◆ **How to complete this task**: Restate each of the lines below word for word and drop every picture.

◆ **Information shown**:
========
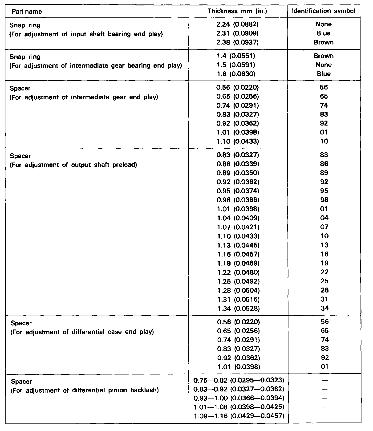 Manual Transmission/Transaxle: Application and ID
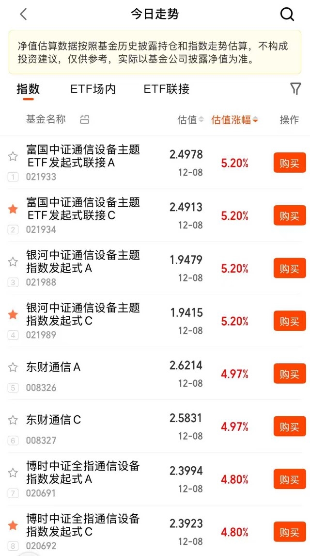 这阵子卫星通信那块涨得不错,也押注永赢国证商用卫星通信产业ETF联接C,但更看中富国中证通信设备主题ETF联接C的布局它不光有CPO龙头,还覆盖军工通信和卫星互联网,双重逻辑更扎实;今天基金预估大涨,在同类里面领先,近1个月涨了8%,近6个月更是冲了92%,跑赢大多数同类型产品;今天基金预估大涨,在同类里面领先,而且它还是全市场持有中兴通讯、中际旭创最多的基金,配置起来心里更有底。
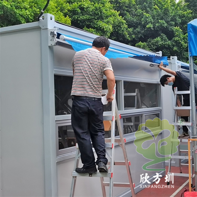 這批可移動核酸檢測采樣亭彩鋼板活動房,分布在龍華區福城街道幾個社區,大水坑,章閣社區,茜坑社區,桔塘社區,興富社區 福民社區,共37個。單人采樣房具體的尺寸是2000*2000*2700mm,雙人采樣規格4000*3000*2700mm。集裝箱式,使用方便,制作快捷,配備風扇,空調,雨棚和擋雨板,照明,隔熱,防潮,等功能。
========
◆ **Expected answer**:
 Manual Transmission/Transaxle: Application and ID
 这阵子卫星通信那块涨得不错,也押注永赢国证商用卫星通信产业ETF联接C,但更看中富国中证通信设备主题ETF联接C的布局它不光有CPO龙头,还覆盖军工通信和卫星互联网,双重逻辑更扎实;今天基金预估大涨,在同类里面领先,近1个月涨了8%,近6个月更是冲了92%,跑赢大多数同类型产品;今天基金预估大涨,在同类里面领先,而且它还是全市场持有中兴通讯、中际旭创最多的基金,配置起来心里更有底。
 這批可移動核酸檢測采樣亭彩鋼板活動房,分布在龍華區福城街道幾個社區,大水坑,章閣社區,茜坑社區,桔塘社區,興富社區 福民社區,共37個。單人采樣房具體的尺寸是2000*2000*2700mm,雙人采樣規格4000*3000*2700mm。集裝箱式,使用方便,制作快捷,配備風扇,空調,雨棚和擋雨板,照明,隔熱,防潮,等功能。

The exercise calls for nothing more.